ABOUT THIS TASK
All the data below goes into the copy word for word, but the pictures don't.

DATA

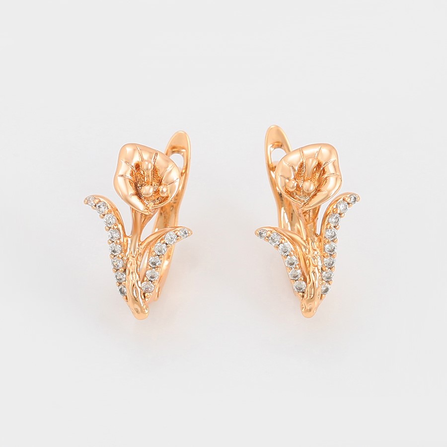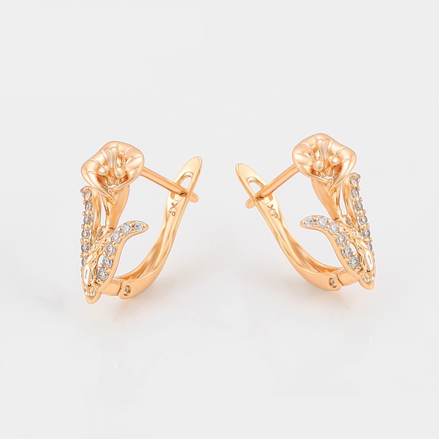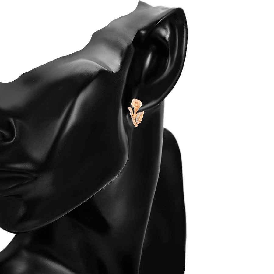 Hermosos aretes elaborado en acero, con doble enchape de oro rosé de 18k, e incrustación de cristal.
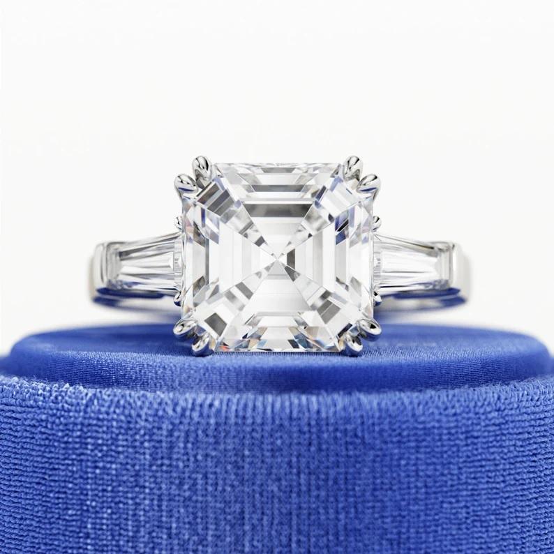 4 Carat Asscher Cut Lab Grown Diamond Ring Three Stone Band Three Stone Engagement Ring 4 Carat Diamond for Jewelry
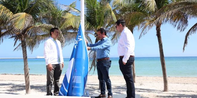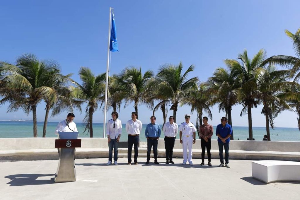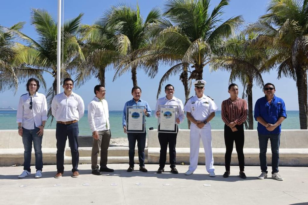 Progreso, Yucatán, a 8 de agosto de 2024. Teniendo como fondo la bella playa del Malecón tradicional, esta mañana, el alcalde Roger Gómez Ortegón, recibió a favor de Progreso la quinta certificación “Blue Flag”, correspondiente a la temporada 2024-2025; reconocimiento que otorga la Fundación para la Educación Ambiental (FEE, por sus siglas en inglés) y que reafirma el prestigio del puerto como un importante destino turístico de Yucatán.

EXPECTED OUTPUT
 Hermosos aretes elaborado en acero, con doble enchape de oro rosé de 18k, e incrustación de cristal.
 4 Carat Asscher Cut Lab Grown Diamond Ring Three Stone Band Three Stone Engagement Ring 4 Carat Diamond for Jewelry
 Progreso, Yucatán, a 8 de agosto de 2024. Teniendo como fondo la bella playa del Malecón tradicional, esta mañana, el alcalde Roger Gómez Ortegón, recibió a favor de Progreso la quinta certificación “Blue Flag”, correspondiente a la temporada 2024-2025; reconocimiento que otorga la Fundación para la Educación Ambiental (FEE, por sus siglas en inglés) y que reafirma el prestigio del puerto como un importante destino turístico de Yucatán.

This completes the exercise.